Разговор у нас затянулся. Вот-вот начнет смеркаться, но никто не торопился уходить. И, наверное, мы бы просидели до потемок, если бы в дверь не застучал возница, напомнив партийному секретарю об отъезде в какое-то село, где ему надо было делать доклад. Тогда Топников поднялся.
Но до того, как сесть в сани, он провел нас к себе на квартиру и попросил хозяйку напоить нас чаем с баранками.
Уже вечером мы отправились домой. Было темно, ветер перестругал дорогу, но шагалось легко: словно большой груз снял с наших плеч разговор с партийным секретарем. Панко опять всю дорогу пел свою любимую песню о молодой гвардии.

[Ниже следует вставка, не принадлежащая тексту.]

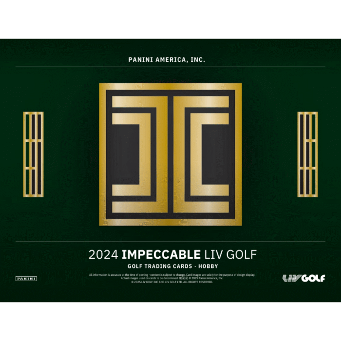 The 2024 Panini Impeccable LIV Golf Hobby 3 Box Case is a premium trading card release celebrating the LIV Golf tour, known for its luxurious design and high-end content. Collectors can anticipate on-card autographs from top LIV Golf athletes, low-numbered parallels, and possibly unique elements like metal cards or cards embedded with precious metals, which are hallmarks of the Impeccable brand. This product is expected to appeal to both golf enthusiasts and high-end card collectors seeking rare and valuable additions to their collections.
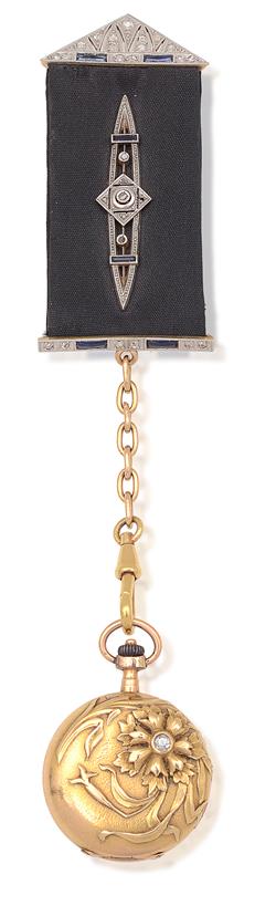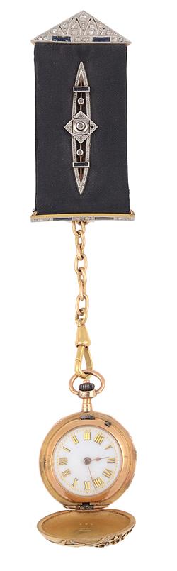Crown wind and set movement, white dial with gold Roman numerals, 18ct gold case with stylised floral scroll work set with an old European cut diamond, 22mm diameter, suspended from a swivel clip and belcher link chain to a black ribbon set with three geometric panels highlighted with rose cut diamonds and carre cut sapphires mounted in 18ct gold.
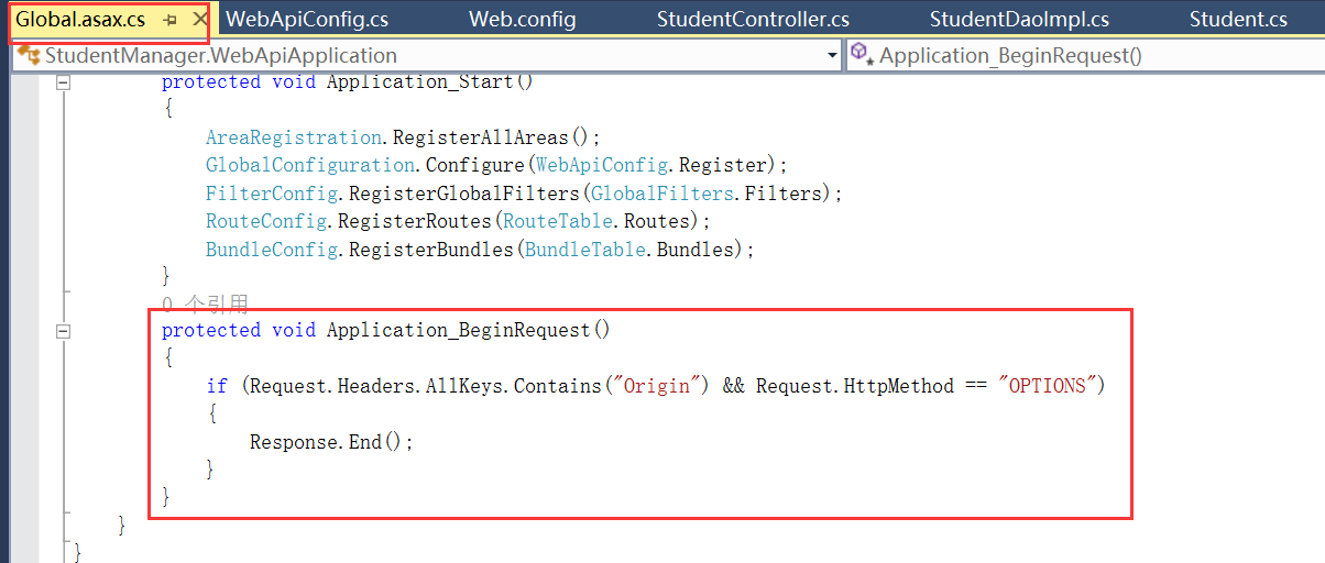 配置了Web.config文件后,平常使用的GET,POST可以使用,但是使用PUT请求的时候还是会报405的错,即method not allow,然后需要配置Global.asax文件
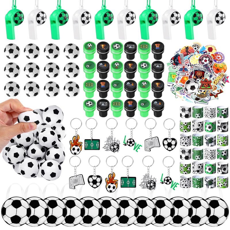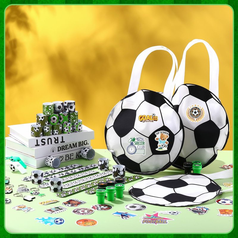 - soccer Goodie Bags Favors: the package includes 24 pcs of soccer slap bracelets, 24 pcs of soccer stampers, 12 pcs of mini bouncy soccer, 12 pcs of soccer keychains, 12 pcs of soccer non woven gift bags, 50 pcs of soccer stickers, 12 pcs of soccer erasers and 12 pcs of soccer whistles, the thoughtful set will save much of your energy and time
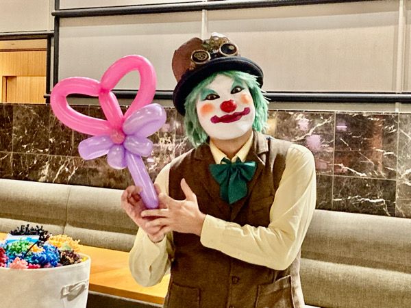 クラウン(ピエロ)姿のバルーンアーティストがバルーンアートをプレゼントしてくれます!
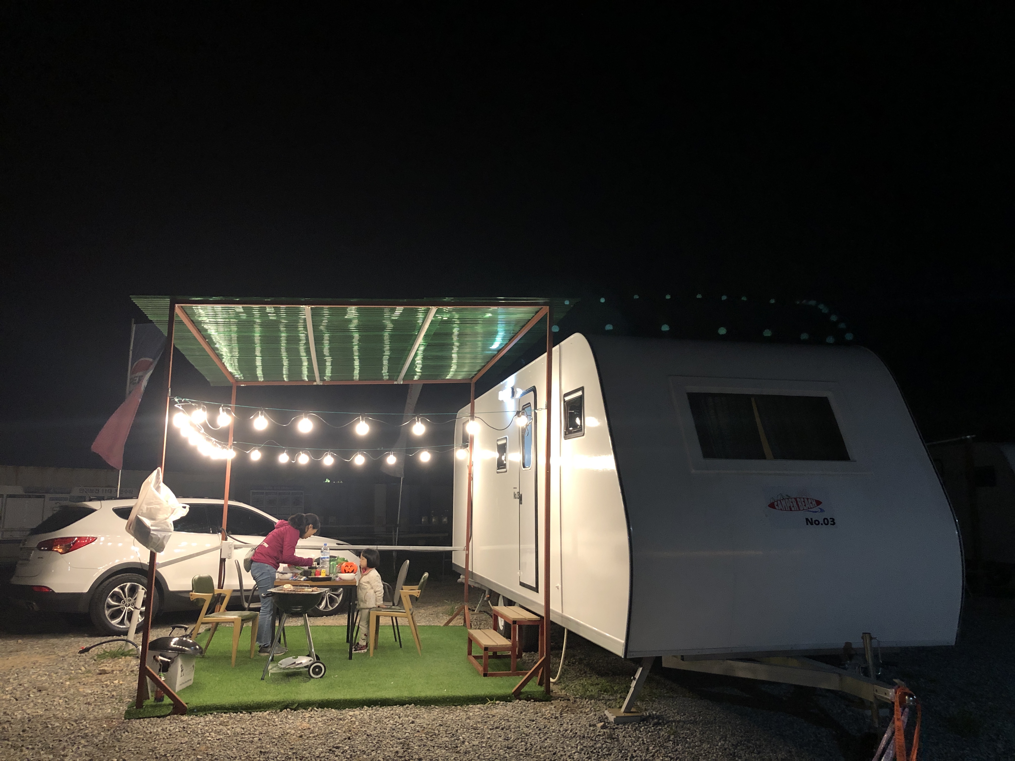 캠퍼비치라는 캠핑장에 카라반을 예약해 가족과 함께 찾았다.

Ох, Панко, Панко! Не знал он, что ждало его впереди. Когда мы вернулись в деревню, она уже спала, только в доме дяди Василия еще горела лампадка. Она словно бы манила к себе, но этот зов оказался обманчивым — Панка не пустили ночевать. Ночевал он у нас. Утром пришлось отцу провожать его домой. Лампадка еще горела.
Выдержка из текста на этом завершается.